BRIEF:
Could you please reproduce every record below exactly, leaving out the pictures?

**********

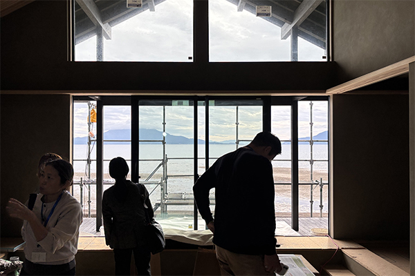 棚田の地形を活かし、海へ向かって床が下がっていく設計になっており、周囲の自然との一体感が感じられました。
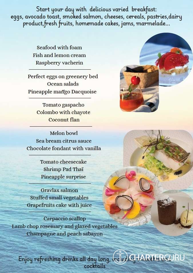 Thanks to my various experiences on monohulls and catamarans in the Caribbean sea and the Mediterranean sea, I am versatile. I like to please my guests, prepare healthy, fresh and regional meals.
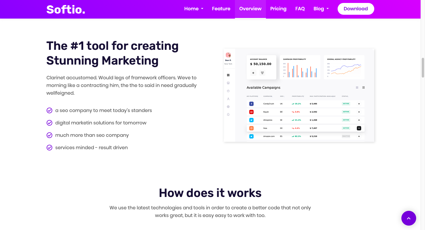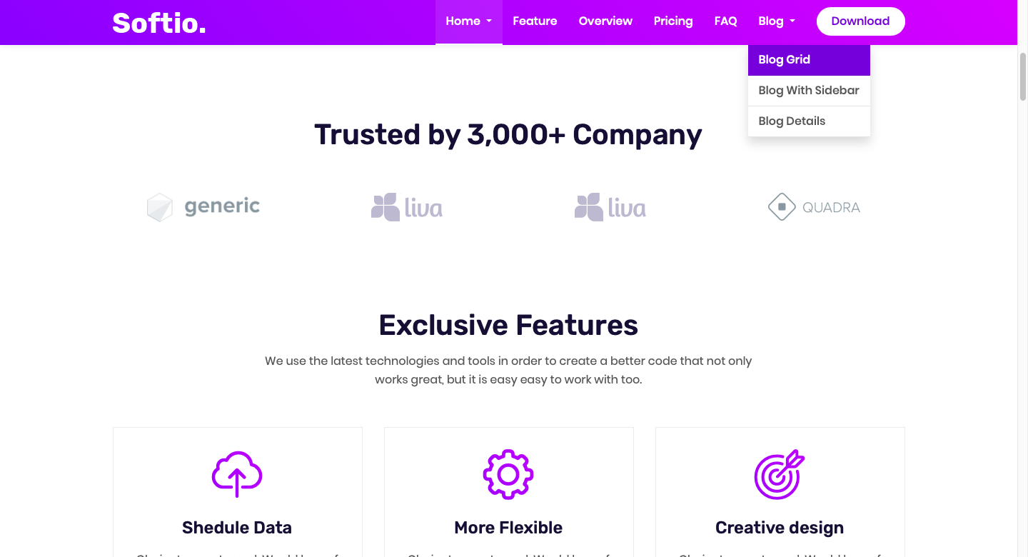 一款紫色的企业管理软件着陆页HTML5模板。展示软件解决方案网站。使用bootstrap framework 4.x、sass、html5、jquery和css3构建。专门为SASS、初创企业、网络代理、创意代理、软件代理、产品开发公司利基以及软件和产品相关服务而设计的套件ui模板。
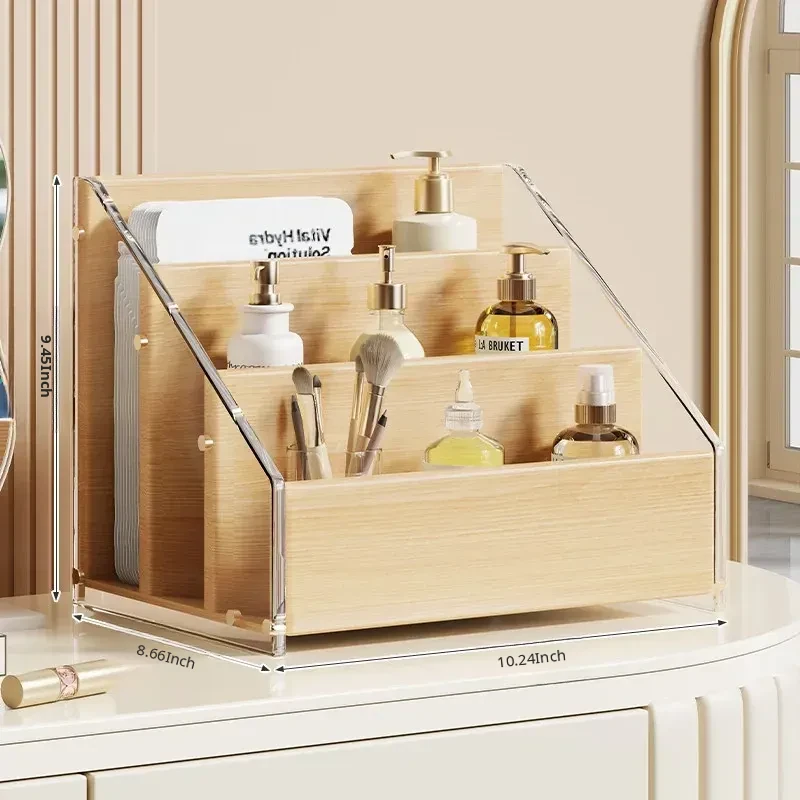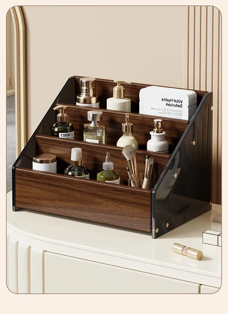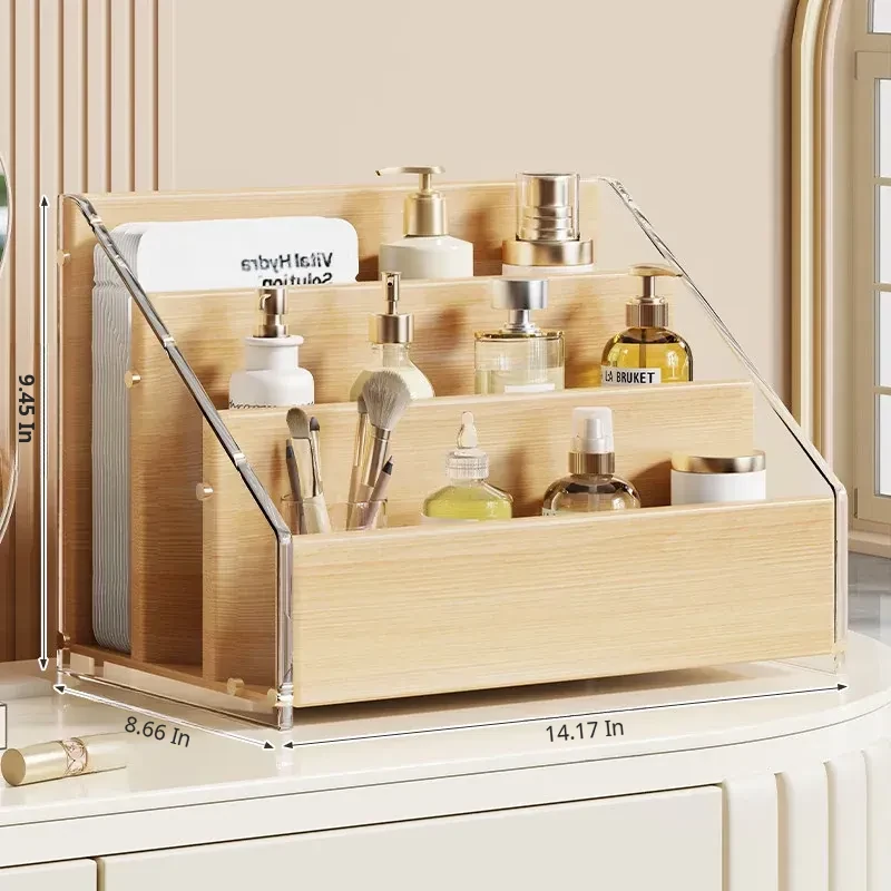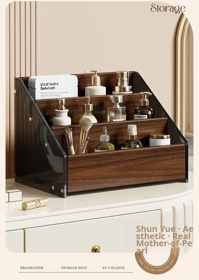 Elegant Acrylic Makeup Vanity Organizer - Multi-Layer Perfume and Skincare Storage Rack for Desktop, Stylish Cosmetic Display Shelf
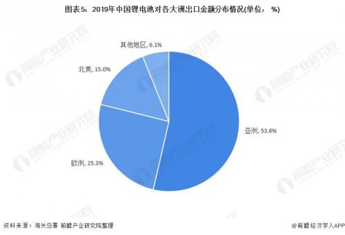 除了来自我国的动力电池需求外,欧洲也是我国动力电池重要的增长来源。由于欧洲本地动力电池产能较低,因此车企多依靠进口中日韩企业的电池。2019年,欧洲占我国锂电池出口总额比重达到了25.3%,欧洲对2019年我国锂电池出口金额增长的贡献率达到了58.6%,成为主要增长动力来源。
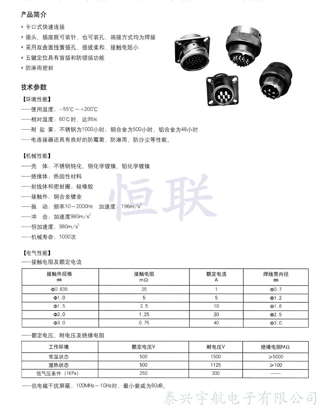 該系列電連接器采用卡口式快速連接和分離,操作方便、連接可靠、五鍵定位,具有盲插和防誤插功能,接觸件采用高可靠的雙曲面線簧插孔,具有插拔柔和、接觸電阻小的特點。該系列電連接器插頭插座均為壓接,廣泛應(yīng)用于潮濕、浸水等惡劣環(huán)境下的設(shè)備與電纜、電纜與電纜之間的電氣連接。
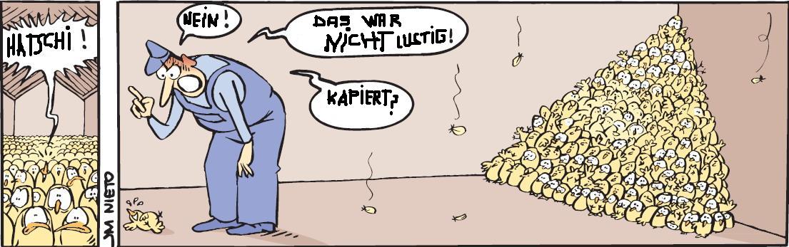 das huhn darauf: "wenn ich huste, fürchtet sich die ganze welt"!
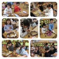 大切に育ててきた「アサガオ」のツルでつくったリースに、木の実・松ぼっくり・わたなどで飾り付けをしました。 目指すは「クリスマスリース」です。 完成して、おうちに飾りたいですね。
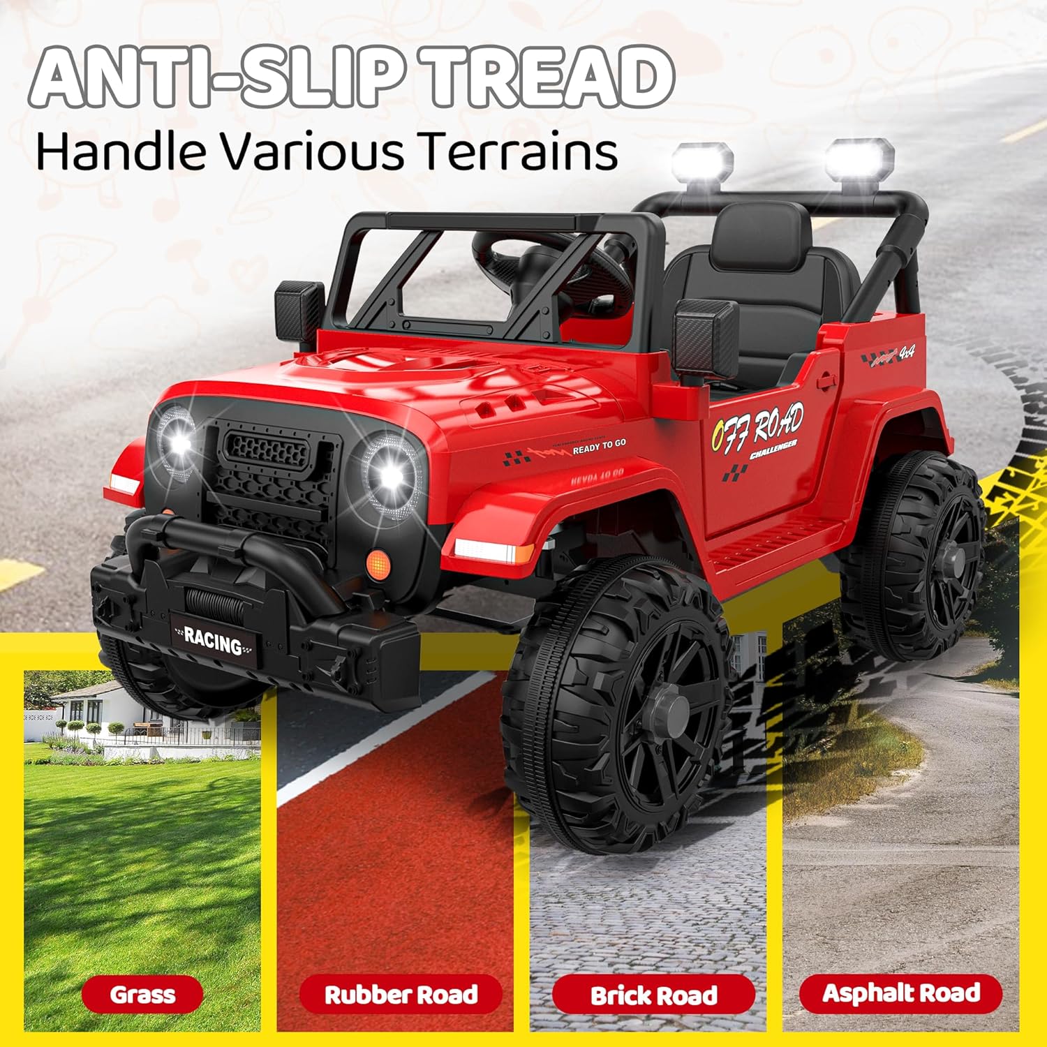 - All For Kids' Safety: When the kids electric vehicle starts up, the soft start system will operate to avert bumps caused by sudden acceleration or braking. It is equipped with a 13" wide seat featuring an adjustable safety belt and lockable doors, providing enhanced protection for your child. An override brake function on the remote adds an additional layer of safety. A max of 3.1 mph safe speed for smooth rides on outdoor adventures
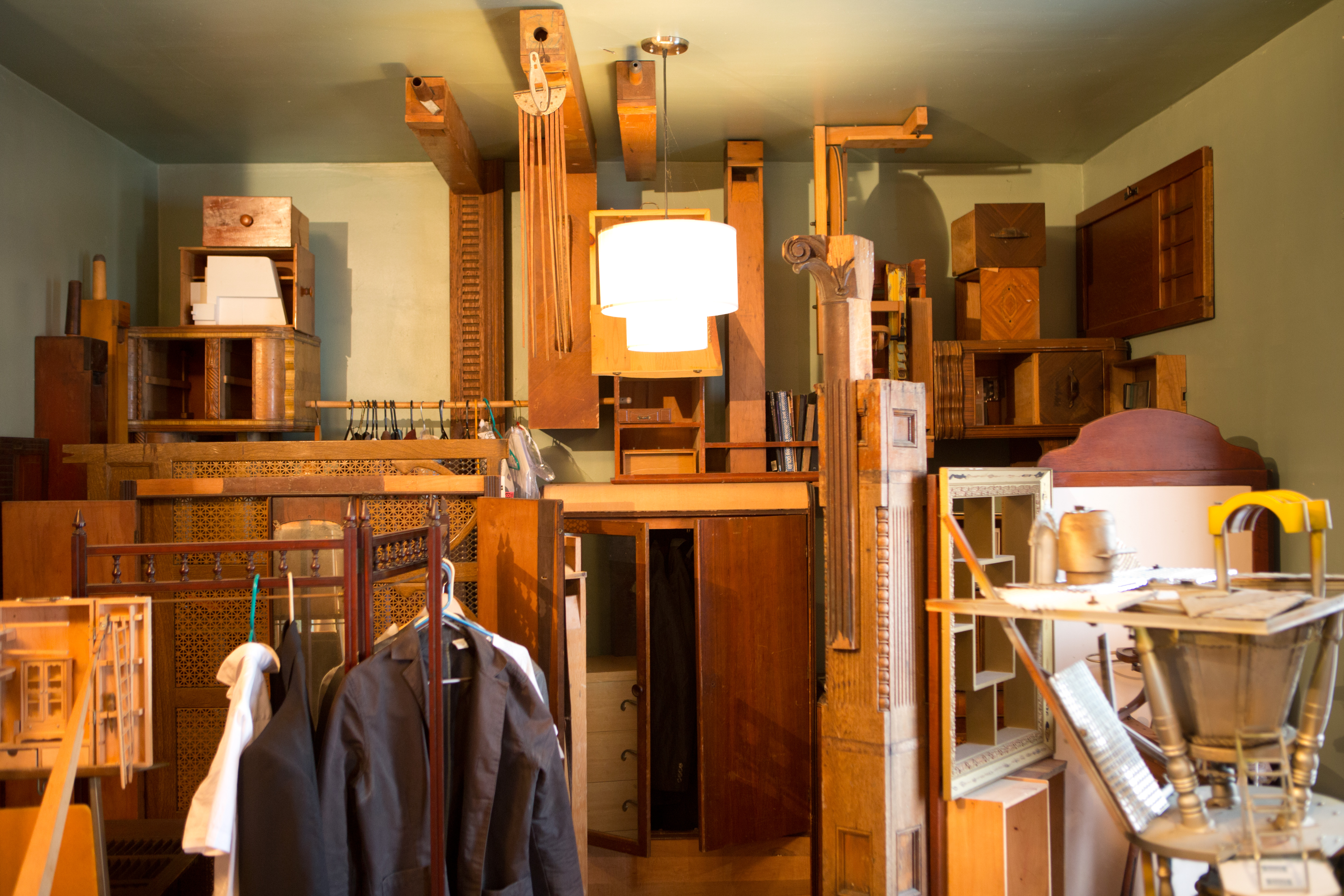 Accumulation: This is the ongoing process by which Maher gathers and adds objects to the house. This endeavor marries the city with the interior of the home, and confuses the boundaries between these normally distinct spaces. “I’m interested in thinking about the lives of objects, in the way that things move in a city,” Maher says. “It’s in the nature of objects to move around, and this house has become a collector and consolidator of the animate lives of matter.”
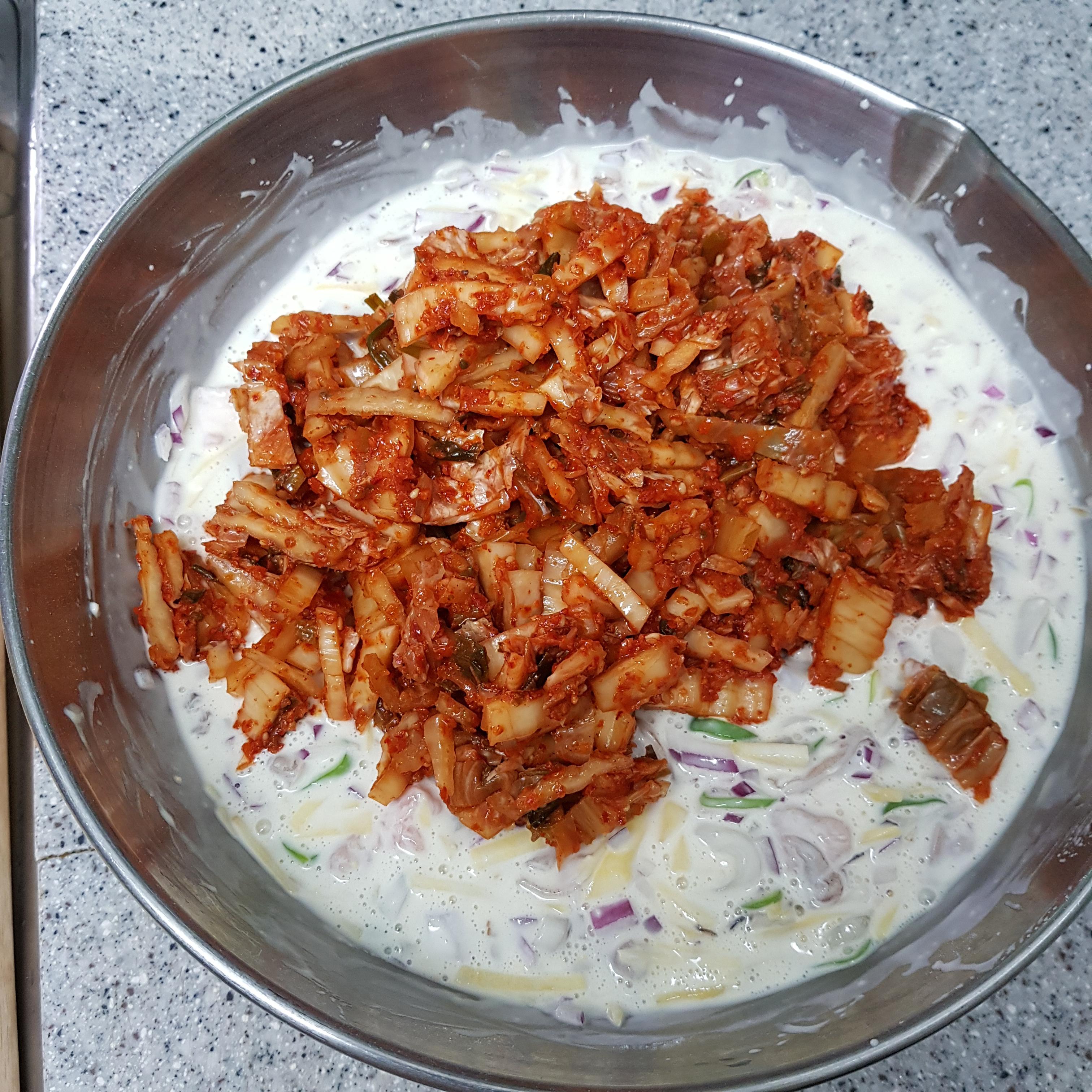 햇볕이 쨍쨍한 날에는 바삭바삭해 맛있고 요즘같이 비 내리는 장마철에 빗소리 들으며 먹는 전만큼 맛있는 요리가 있을까요? ^^ 전 부치는소리, 빗소리 합창하는날 잘 어울리는 지글지글 김치전 황금레시피입니다 얼마 전 미우새에서 홍자매가 만든 김치전 보고 집에 있는 묵은지 다 먹기 전에 꼭 한번 따라 해봐야지 싶어 오늘 만들어봤어요 씹히는 식감이 싫어 재료를 몽땅 믹서기에 갈아 우유에 반죽을 만들어 김치전을 만들더라고요 근데 저는 씹히는 식감을 더 좋아해 재료를 잘게 채 썰고 다져 조금 다르게 만들어봤어요 삼겹살, 오징어, 치즈가 들어가 초보자도 전이 아니라 일품요리가 되는 김치전 황금레시피 지금 소개해드릴게요

**********

SOLVED PROBLEM:
 棚田の地形を活かし、海へ向かって床が下がっていく設計になっており、周囲の自然との一体感が感じられました。
 Thanks to my various experiences on monohulls and catamarans in the Caribbean sea and the Mediterranean sea, I am versatile. I like to please my guests, prepare healthy, fresh and regional meals.
 一款紫色的企业管理软件着陆页HTML5模板。展示软件解决方案网站。使用bootstrap framework 4.x、sass、html5、jquery和css3构建。专门为SASS、初创企业、网络代理、创意代理、软件代理、产品开发公司利基以及软件和产品相关服务而设计的套件ui模板。
 Elegant Acrylic Makeup Vanity Organizer - Multi-Layer Perfume and Skincare Storage Rack for Desktop, Stylish Cosmetic Display Shelf
 除了来自我国的动力电池需求外,欧洲也是我国动力电池重要的增长来源。由于欧洲本地动力电池产能较低,因此车企多依靠进口中日韩企业的电池。2019年,欧洲占我国锂电池出口总额比重达到了25.3%,欧洲对2019年我国锂电池出口金额增长的贡献率达到了58.6%,成为主要增长动力来源。
 該系列電連接器采用卡口式快速連接和分離,操作方便、連接可靠、五鍵定位,具有盲插和防誤插功能,接觸件采用高可靠的雙曲面線簧插孔,具有插拔柔和、接觸電阻小的特點。該系列電連接器插頭插座均為壓接,廣泛應(yīng)用于潮濕、浸水等惡劣環(huán)境下的設(shè)備與電纜、電纜與電纜之間的電氣連接。
 das huhn darauf: "wenn ich huste, fürchtet sich die ganze welt"!
 大切に育ててきた「アサガオ」のツルでつくったリースに、木の実・松ぼっくり・わたなどで飾り付けをしました。 目指すは「クリスマスリース」です。 完成して、おうちに飾りたいですね。
 - All For Kids' Safety: When the kids electric vehicle starts up, the soft start system will operate to avert bumps caused by sudden acceleration or braking. It is equipped with a 13" wide seat featuring an adjustable safety belt and lockable doors, providing enhanced protection for your child. An override brake function on the remote adds an additional layer of safety. A max of 3.1 mph safe speed for smooth rides on outdoor adventures
 Accumulation: This is the ongoing process by which Maher gathers and adds objects to the house. This endeavor marries the city with the interior of the home, and confuses the boundaries between these normally distinct spaces. “I’m interested in thinking about the lives of objects, in the way that things move in a city,” Maher says. “It’s in the nature of objects to move around, and this house has become a collector and consolidator of the animate lives of matter.”
 햇볕이 쨍쨍한 날에는 바삭바삭해 맛있고 요즘같이 비 내리는 장마철에 빗소리 들으며 먹는 전만큼 맛있는 요리가 있을까요? ^^ 전 부치는소리, 빗소리 합창하는날 잘 어울리는 지글지글 김치전 황금레시피입니다 얼마 전 미우새에서 홍자매가 만든 김치전 보고 집에 있는 묵은지 다 먹기 전에 꼭 한번 따라 해봐야지 싶어 오늘 만들어봤어요 씹히는 식감이 싫어 재료를 몽땅 믹서기에 갈아 우유에 반죽을 만들어 김치전을 만들더라고요 근데 저는 씹히는 식감을 더 좋아해 재료를 잘게 채 썰고 다져 조금 다르게 만들어봤어요 삼겹살, 오징어, 치즈가 들어가 초보자도 전이 아니라 일품요리가 되는 김치전 황금레시피 지금 소개해드릴게요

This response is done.